Полет в прошлое — страница 22 из 57

В своих полевых экспедициях Барадез столкнулся с обычными трудностями: объекты, которые так отчетливо просматривались с высоты, на земле отыскать было вовсе не просто. Когда он только начинал изучать лимес и фоссатум по аэрофотоснимкам, его поразило то обстоятельство, что на земле до сих пор никто не обнаружил этих сооружений. Но ему пришлось признаться, что однажды он сам пешком пересек фоссатум и не заметил никаких его следов. Лишь беспредельное упорство и аэрофотоснимки, которыми он постоянно руководствовался, позволили ему добиться успеха.

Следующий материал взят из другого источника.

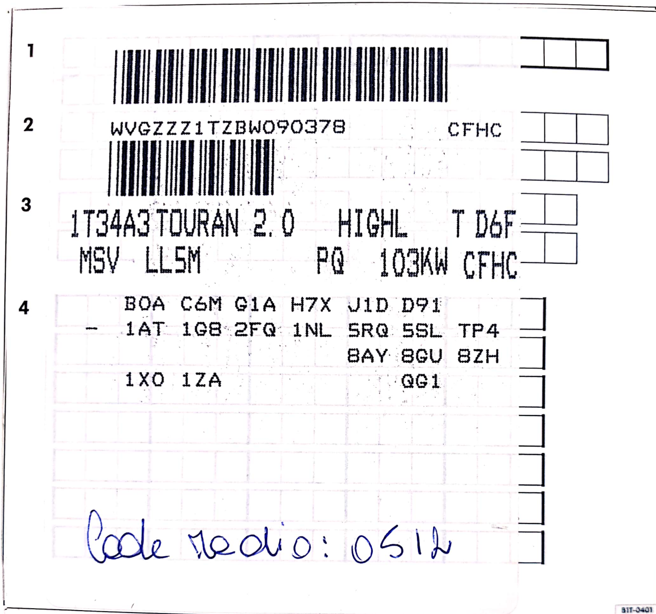
fig. 1 Plaque d'identification du véhicule

Так постепенно в результате многочисленных разведывательных полетов и наземных экспедиций была по кусочкам собрана вся мозаика лимес и фоссатума.

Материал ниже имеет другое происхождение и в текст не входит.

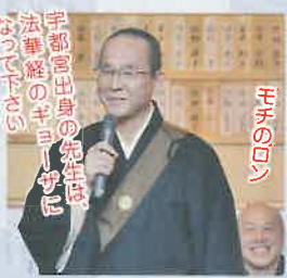
「手塚の先生は法華経のキョウをいって下さる」

Помимо основных дорог, различных крепостей и башен Барадез обнаружил несколько потерянных городов, и среди них Гемеллу, где сам провел раскопки. В результате полевых экспедиций он добыл богатую коллекцию высеченных на камне надписей. Барадез обнаружил множество придорожных стел, замеченных с самолета. Они стояли на одинаковом расстоянии друг от друга, и благодаря им удалось восстановить недостающие отрезки главных дорог. По помимо этого на каждой из них оказались надписи, посвященные императорам III и IV вв., свидетельствующие о том, что колониальная администрация тщательно следила за этими жизненно важными артериями. Здесь было множество имен: Гелиогабал, Александр Севéр, (оба императора восточного происхождения), Гордиан и Диоклетиан, Константин и Грациан — в общем, настоящий «Список царей» и бесценный хронологический документ. Одна из надписей в Гемелле, высеченная на каменном трехметровом блоке, состоит из множества строк. Она посвящена великому императору Адриану, чье явное присутствие ощущается в остатках гигантской оборонительной полосы, которая некогда опоясывала империю от Сахары до Шотландии и от Евфрата до Рейна.

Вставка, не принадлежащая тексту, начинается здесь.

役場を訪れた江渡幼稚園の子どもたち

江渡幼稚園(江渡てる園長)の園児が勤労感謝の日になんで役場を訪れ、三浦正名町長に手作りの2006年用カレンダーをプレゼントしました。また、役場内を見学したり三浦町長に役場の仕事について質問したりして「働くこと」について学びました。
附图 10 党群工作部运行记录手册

Вероятно, фоссатум начал создаваться при правлении Адриана. Он весьма напоминает по форме — наклонные стены и более узкое дно рва — так называемую Стену Адриана, и это сходство явно не случайное. И так же как в Британии, по гребню рвов здесь тянутся валы из сухого щебня.

В грандиозных оборонительных сооружениях Адриана и его преемников чувствуется созидательная мощь, которая столетиями объединяла западный мир. И разве нет высшей справедливости в том, что через полтора тысячелетия после «падения» Рима разные люди из его разделенных провинций, наследники латинской цивилизации, стараются совместно воссоздать его границы? И здесь воздушная археология играет ведущую роль. Поиски следов Рима с самого начала были одной из ее главных целей. Кроуфорд, отдавший немало сил римской Шотландии, неустанно призывал своих британских и иностранных коллег создать объединенными усилиями карту Римской империи. Этому проекту помешала вторая мировая война. Однако бурное развитие воздушной археологии в послевоенное время позволяет надеяться, что он будет осуществлен.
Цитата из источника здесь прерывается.